## The input
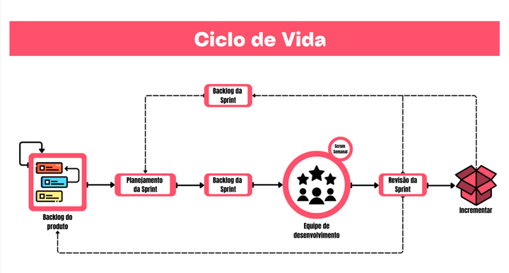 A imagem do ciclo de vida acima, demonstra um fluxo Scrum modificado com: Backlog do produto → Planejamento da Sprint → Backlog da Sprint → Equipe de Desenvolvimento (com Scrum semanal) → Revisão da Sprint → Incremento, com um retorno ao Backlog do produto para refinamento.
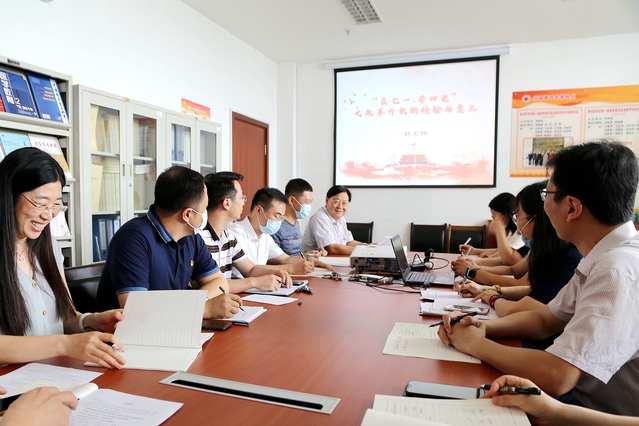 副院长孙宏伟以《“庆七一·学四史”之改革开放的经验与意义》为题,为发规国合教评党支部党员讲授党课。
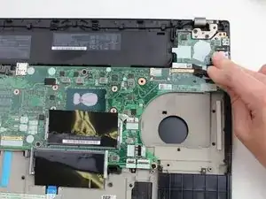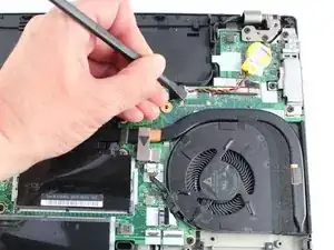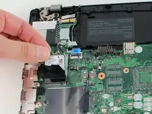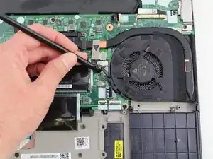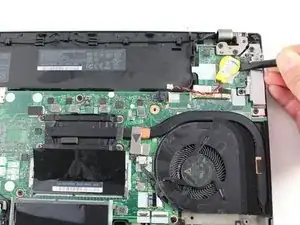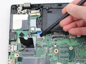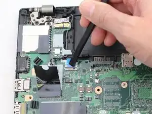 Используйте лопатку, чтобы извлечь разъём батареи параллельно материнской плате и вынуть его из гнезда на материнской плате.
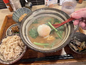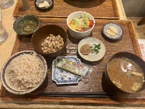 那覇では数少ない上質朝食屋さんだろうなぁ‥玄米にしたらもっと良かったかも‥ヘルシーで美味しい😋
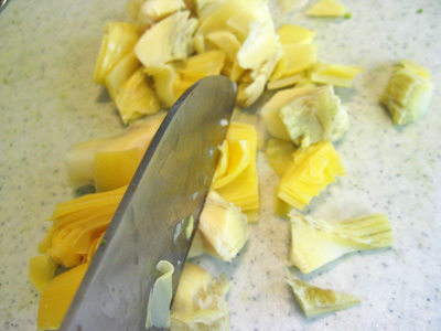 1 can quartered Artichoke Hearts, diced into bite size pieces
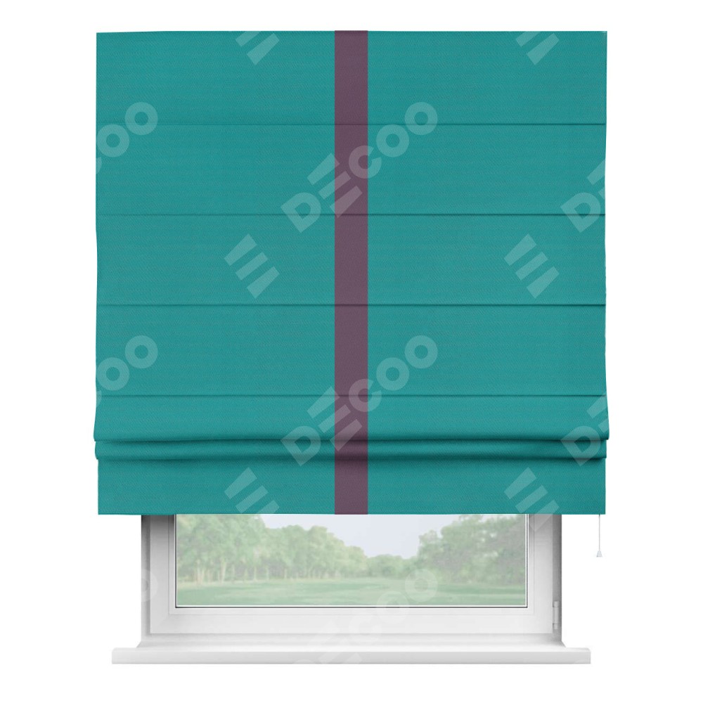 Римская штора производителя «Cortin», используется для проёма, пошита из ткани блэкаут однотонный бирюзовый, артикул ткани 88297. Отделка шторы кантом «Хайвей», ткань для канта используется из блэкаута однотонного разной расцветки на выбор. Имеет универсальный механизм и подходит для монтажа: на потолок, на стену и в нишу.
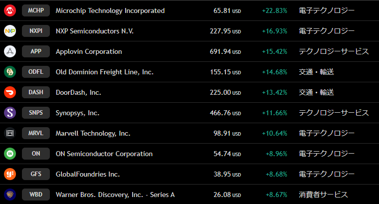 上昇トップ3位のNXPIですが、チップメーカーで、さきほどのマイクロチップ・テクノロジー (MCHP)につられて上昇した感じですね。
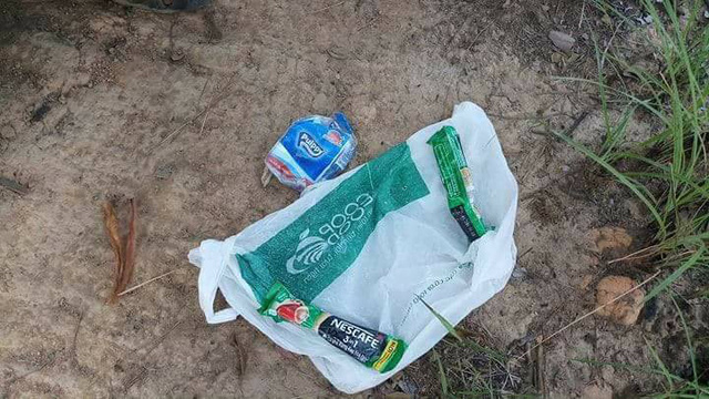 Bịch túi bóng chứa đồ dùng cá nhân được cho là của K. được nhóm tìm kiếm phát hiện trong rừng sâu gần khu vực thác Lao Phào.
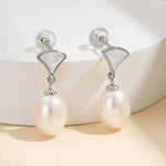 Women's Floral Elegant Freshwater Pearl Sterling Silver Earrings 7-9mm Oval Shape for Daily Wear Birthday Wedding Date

--

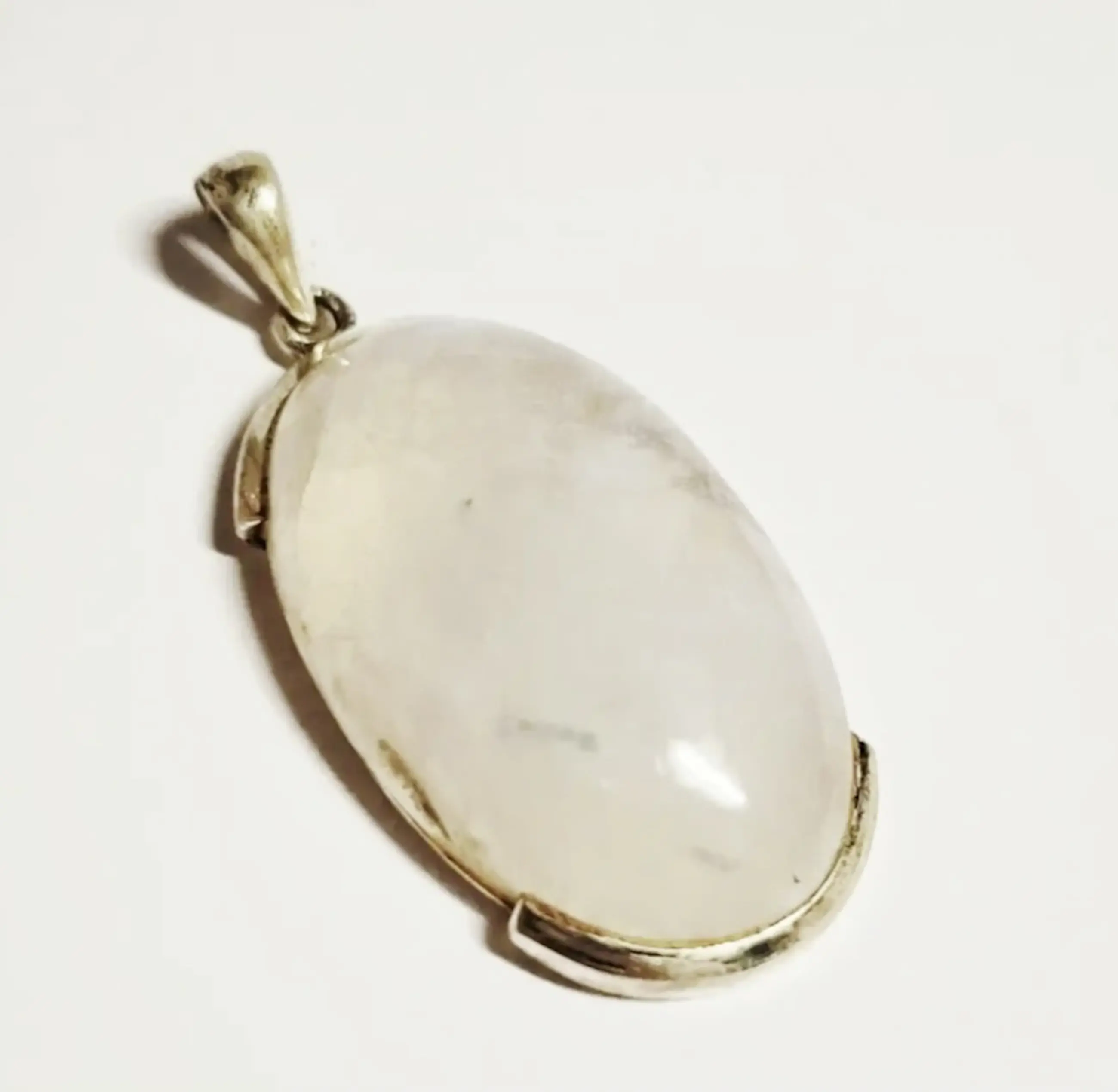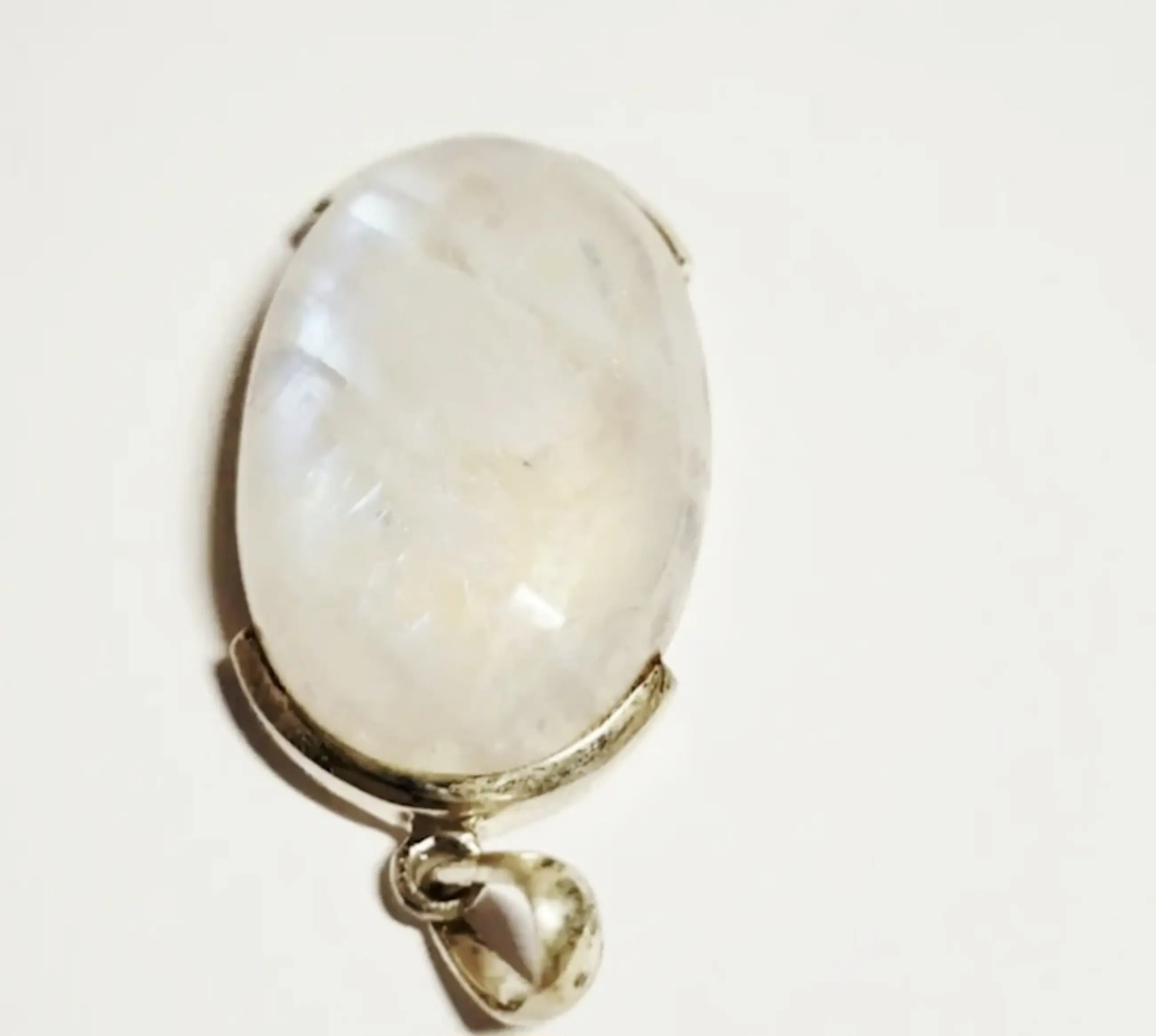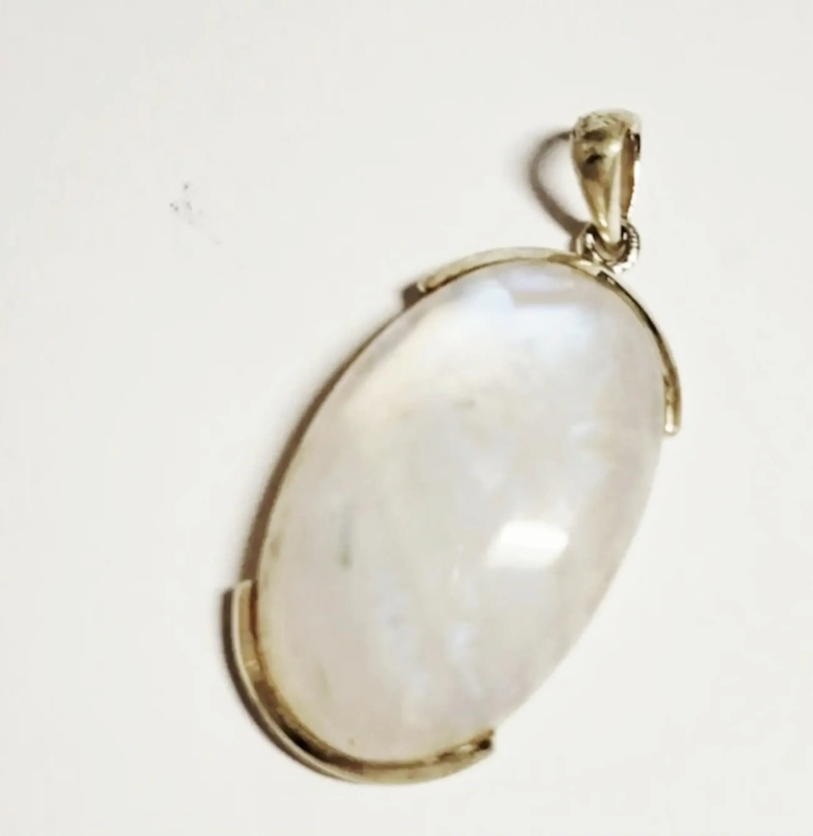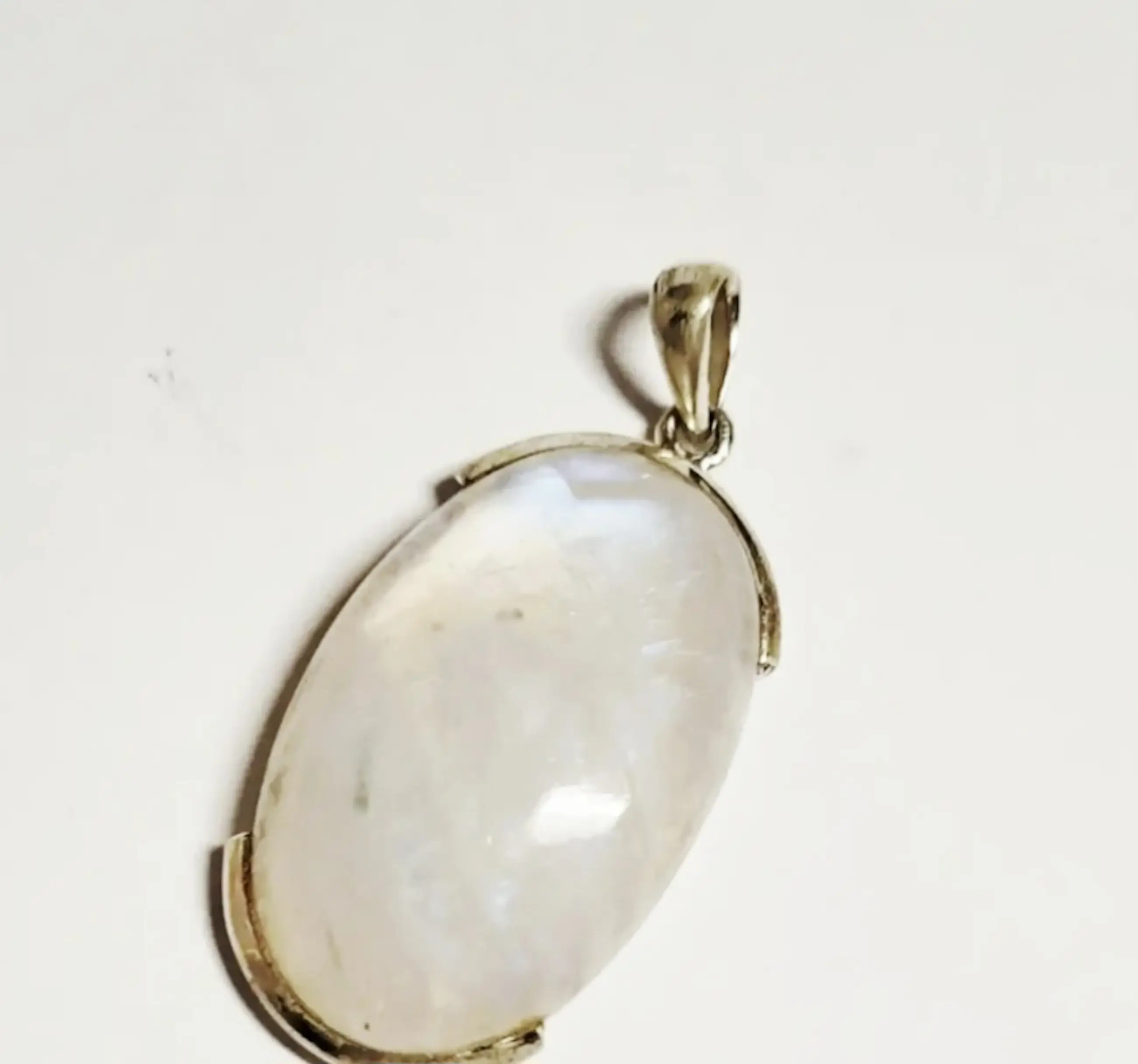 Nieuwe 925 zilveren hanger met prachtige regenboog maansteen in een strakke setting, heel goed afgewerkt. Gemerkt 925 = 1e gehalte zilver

## Task directions
Using the data above, return the lines from the one holding "Римская штора производителя" through the one holding "Women's Floral Elegant" exactly, but not the pictures.

## Answer area
 Римская штора производителя «Cortin», используется для проёма, пошита из ткани блэкаут однотонный бирюзовый, артикул ткани 88297. Отделка шторы кантом «Хайвей», ткань для канта используется из блэкаута однотонного разной расцветки на выбор. Имеет универсальный механизм и подходит для монтажа: на потолок, на стену и в нишу.
 上昇トップ3位のNXPIですが、チップメーカーで、さきほどのマイクロチップ・テクノロジー (MCHP)につられて上昇した感じですね。
 Bịch túi bóng chứa đồ dùng cá nhân được cho là của K. được nhóm tìm kiếm phát hiện trong rừng sâu gần khu vực thác Lao Phào.
 Women's Floral Elegant Freshwater Pearl Sterling Silver Earrings 7-9mm Oval Shape for Daily Wear Birthday Wedding Date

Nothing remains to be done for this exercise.